**Goal of the exercise**: Write down exactly the lines from the one below that has "ansonsten einfach. 5" to the end of the data, both ends included; the pictures should not appear in your copy.

START Excerpted data

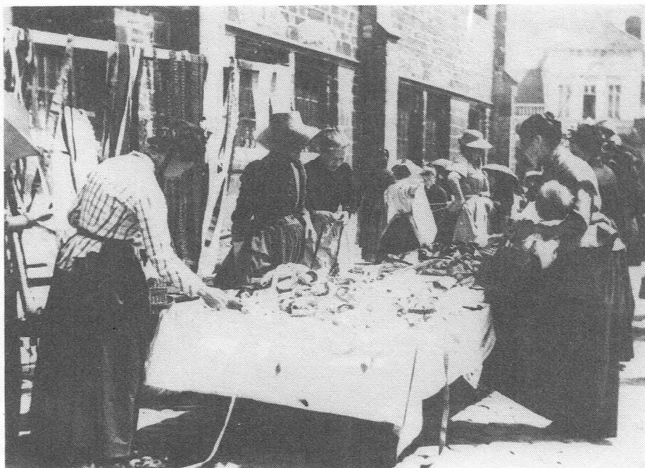
Fig. 4. Vrijdagmarkt te Gent. Een kraam van passementerie (linten, borduurwerk, opstiksels, enz...) tegen het Toreken. Een moeder met kind tast in haar portemonnee. De strohoeden en de parasols wijzen op een zonnig weertje. (foto Fonds Vanderhaegen - Museum voor Volkskunde).

voor 't verhandelen der breede, een uur later voor de smalle stukken. Geen linnen mocht te koop geboden worden dan na door den stadszegelaar voorzien te zijn van het merk, hetwelk den koper eene waarborg was van de degelijkheid des werks. De zegelafels stonden op twee verschillende plaatsen : deze voor de breede lijnwaden tusschen het Toreken en de halve Mane , die voor het smalle goed rechtover den Lijnwaadring . Veel daarbij te parlesanten, kon niet : de tijd was kort, het getal stukken overgroot. De zegelaars, van zessen klaar, lieten den knorrigen wever of koopman maar zijn deuntje afzingen, zonder er acht op te geven, en kweten zich van hunne taak met spoed.
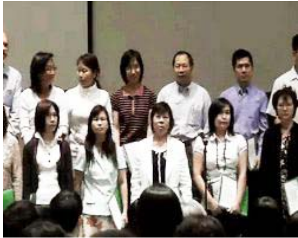
四月十二日復活節茶會圖片
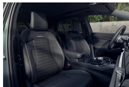
Mörk klädsel i mockaimitation samt konstläder, (GT Line)
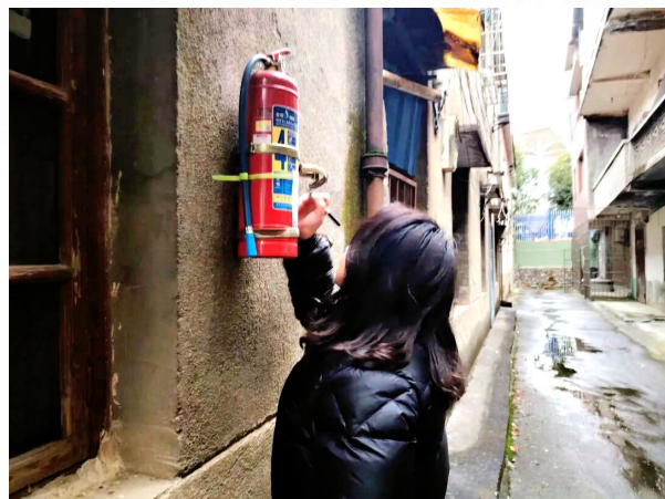
社区网格员检查小区消防设施
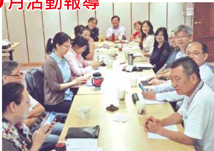
■日文系友會讀書會實況。(日文系友會提供)

每個月固定一次的讀書會，除了藉由求學時代學習過的日文增加知識，更重要的是連絡系友之間的情誼。來自不同領域不同級別的系友，彼此交流人生經驗，無形中也豐富了自己的視野。
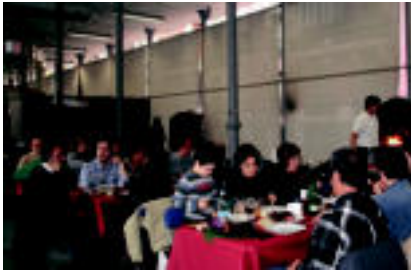
Atzoko Txuleta Festako bazkarian 200 lagun inguru izan ziren; datozen egunetan ere jende asko espero dute.

Aurtengo zubia oso luzea da, eta jendearen gehiengoak aste osoan jai egin beharrenean, «jategun solteko» hartu dituzte Tolosaldea Tour-ekoen arabera. Hala ere, turismo bulegoek «aurrera urtebetako dituzak behar izango» espero dute, nahiz eta badiotzen zenbait landaketan «erreserbak nahiko mantsu» doazela.
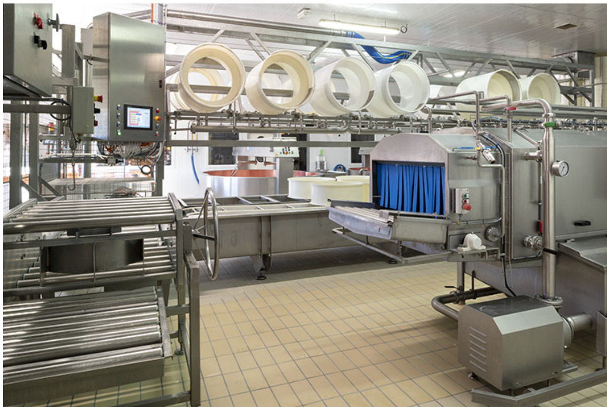
Atelier de fabrication : système de transfert des moules à gauche (avec le tableau de commande du pressage), extrémité du tunnel de lavage à droite.
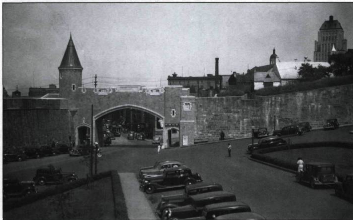
Photo prise lors de l'inauguration de la porte Saint-Jean en juillet 1939.

d'une génération. De plus, ces mouvements sont généralement associés à des tournants dans le développement économique. Autre constante, les initiatives de destruction proviennent toujours du monde des affaires et sont justifiées au nom du «progrès moderne». Enfin, les améliorations technologiques dans le domaine des transports servent dans les trois cas de prétexte au déclenchement du processus.
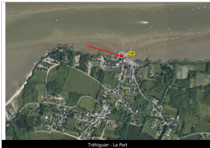
Tréhiguier - Le Port
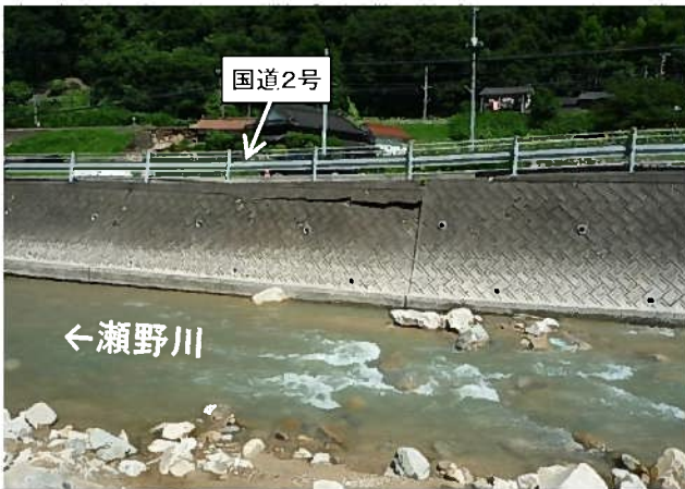
応急復旧状況(H30.7下旬)
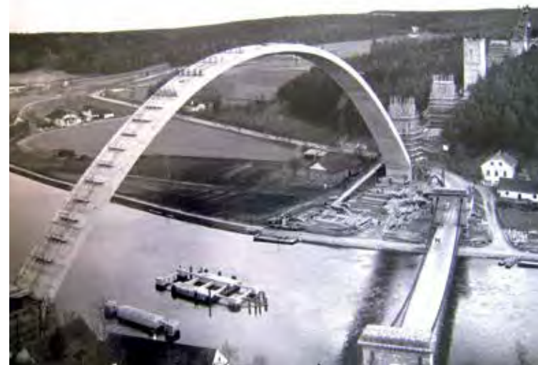
Stavba Podolského mostu – navštivte výstavu Brána do nebes.

I když je to trochu předčasné a většinou nás vánoční zboží, které se objeví na pultech obchodů se sklonkem léta, spíše rozladí, než navnadí, přesto si dovolueme poodhalit témata adventních a vánočních výstav. V Galerii letos nenajdete žádné nostalgické retro jako loni, ale prostor zaplní princezny, kašpárci či vodníci, které kdysi ve své mirotické dílně vyřezal Mikuláš Sychrovský (1802 – 1881). Podle data jeho narození je jasné, že půjde o loutky velmi staré, však je také Sychrovský prvním jménem známým výrobcem dřevěných herců v Čechách. Muzeum tak chce tomuto pracovitému řezbáři vzdát hold. Interaktivní výstava bude doplněná o další loutky ze sbírek muzea a školky i školy se opět můžou těšit na program k výstavě spojený s tematic-
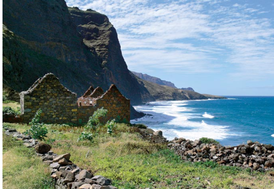
Häuserruinen bei Aranhas.

ansonsten einfach. 5 Min. später kommt man durch das nächste Flusstal über einen Trampelpfad noch einfacher an den Strand. Wer den ersten Zugang benutzt hat, kann bei niedrigem Wasserstand am Strand entlang wandern und im zweiten Flusstal wieder zum Wanderweg hinaufsteigen.
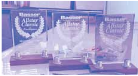
ブラックバス釣りのプロに使用して貰い、大会で獲得したBIG FISHの楯
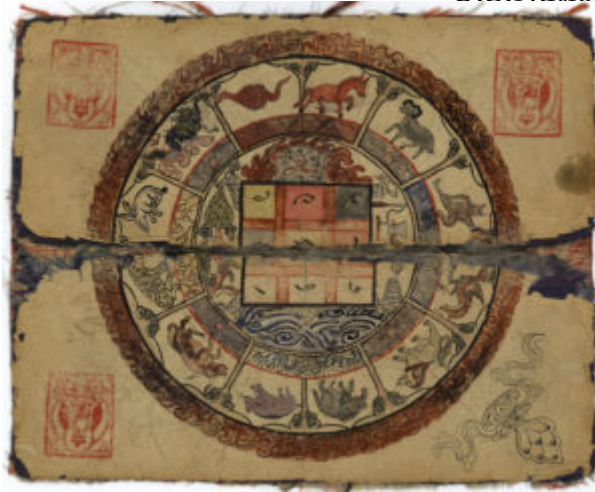
«Основы монгольской астрологии»
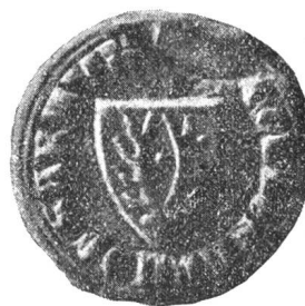
Fig. 123. Rudolf d. Kelner von Sarnen 1321.

Es ist wohl kein Zufall, dass im Zusammenhang mit den blutigen Fehden zwischen Ghibellinen und Welfen und den ersten Freiheitskämpfen der Urschweiz, Walther v. Hunwyl (1238-1257) bald als Ammann, bald als Schultheiss an der Spitze der damals mit Unterwalden verbündeten Stadt (coniurati nostri de Lucerna) stand und an erster Stelle an deren Friedensschlüssen von 1244, 1252 und 1257 mit den Vögten von Rothenburg und ihren Helfern mitwirkte.
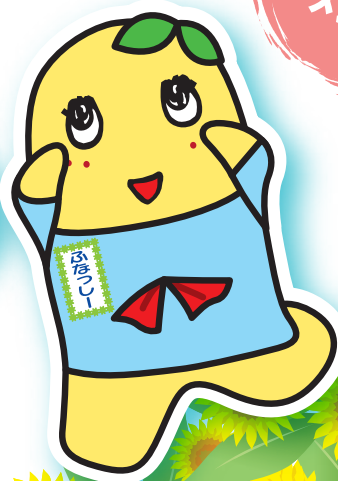
京葉ガスユーザー代表 梨の妖精「ふなっしー」 ©ふなっしー
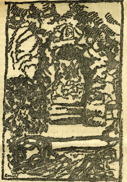
Jókai-plakett a kertben.

Mint valamikor a komáromi nagyaszonny, sokan úgy zárandokolnak ma is a svábhegyi Jókai-villához, ahol minden kavics, minden
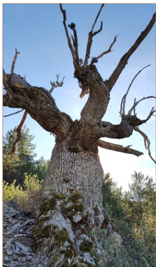
Foto 13. Melojo seco. Puebla de La Sierra.

END Excerpted data

**Result of the task**:
ansonsten einfach. 5 Min. später kommt man durch das nächste Flusstal über einen Trampelpfad noch einfacher an den Strand. Wer den ersten Zugang benutzt hat, kann bei niedrigem Wasserstand am Strand entlang wandern und im zweiten Flusstal wieder zum Wanderweg hinaufsteigen.
ブラックバス釣りのプロに使用して貰い、大会で獲得したBIG FISHの楯
«Основы монгольской астрологии»
Fig. 123. Rudolf d. Kelner von Sarnen 1321.

Es ist wohl kein Zufall, dass im Zusammenhang mit den blutigen Fehden zwischen Ghibellinen und Welfen und den ersten Freiheitskämpfen der Urschweiz, Walther v. Hunwyl (1238-1257) bald als Ammann, bald als Schultheiss an der Spitze der damals mit Unterwalden verbündeten Stadt (coniurati nostri de Lucerna) stand und an erster Stelle an deren Friedensschlüssen von 1244, 1252 und 1257 mit den Vögten von Rothenburg und ihren Helfern mitwirkte.
京葉ガスユーザー代表 梨の妖精「ふなっしー」 ©ふなっしー
Jókai-plakett a kertben.

Mint valamikor a komáromi nagyaszonny, sokan úgy zárandokolnak ma is a svábhegyi Jókai-villához, ahol minden kavics, minden
Foto 13. Melojo seco. Puebla de La Sierra.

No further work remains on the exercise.